** COLLECTED MATERIAL **
▬▬▬▬▬▬▬▬▬▬

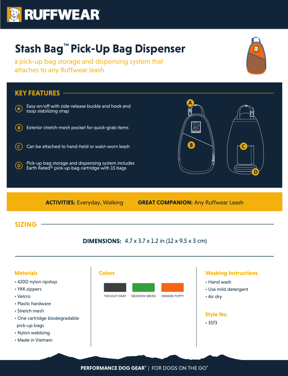 Die Stash Bag läßt sich leicht an jeder Ruffwear-Leine befestigen. Die leichte und benutzerfreundliche Stash Bag verfügt über einen beidseitigen Klickverschluss, ein internes Klettverschlussriemchen und ein Innenfach für Kleinigkeiten. Ein Aussenfach auf der Rückseite ermöglicht einen schnellen Zugriff auf die Kotbeutel. Er ist mit jeder Kotbeutelgröße kompatibel und wird mit 15 Earth Rated Kotbeutel geliefert.
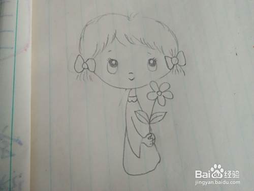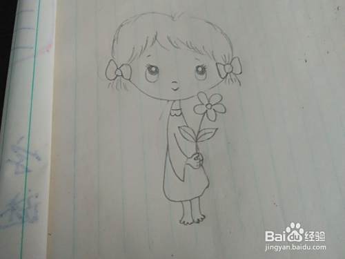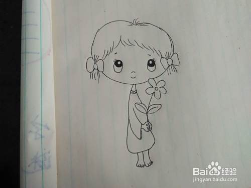 我们再把女孩的手里画出一枝花来,再把女孩的小脚丫画好。
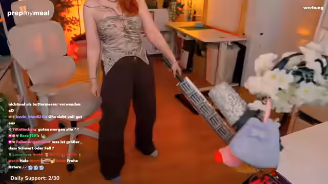 00:15:24Das Gewinnspiel wird offiziell gestartet. Die Aufgabe der Zuschauer besteht darin, die Anzahl der ins Stream gehaltenen Ostereier zu zählen und die korrekte Zahl über einen Bot einzusenden. Eine zufällige Person, die die richtige Anzahl angibt, gewinnt eine 50-Euro-Karte. Dies ist die zentrale interaktive Aktion für den Stream.

▬▬▬▬▬▬▬▬▬▬

** AIM OF THE TASK **
The response has to be an exact copy of all the data, pictures excluded.

** YOUR SOLUTION **
 Die Stash Bag läßt sich leicht an jeder Ruffwear-Leine befestigen. Die leichte und benutzerfreundliche Stash Bag verfügt über einen beidseitigen Klickverschluss, ein internes Klettverschlussriemchen und ein Innenfach für Kleinigkeiten. Ein Aussenfach auf der Rückseite ermöglicht einen schnellen Zugriff auf die Kotbeutel. Er ist mit jeder Kotbeutelgröße kompatibel und wird mit 15 Earth Rated Kotbeutel geliefert.
 我们再把女孩的手里画出一枝花来,再把女孩的小脚丫画好。
 00:15:24Das Gewinnspiel wird offiziell gestartet. Die Aufgabe der Zuschauer besteht darin, die Anzahl der ins Stream gehaltenen Ostereier zu zählen und die korrekte Zahl über einen Bot einzusenden. Eine zufällige Person, die die richtige Anzahl angibt, gewinnt eine 50-Euro-Karte. Dies ist die zentrale interaktive Aktion für den Stream.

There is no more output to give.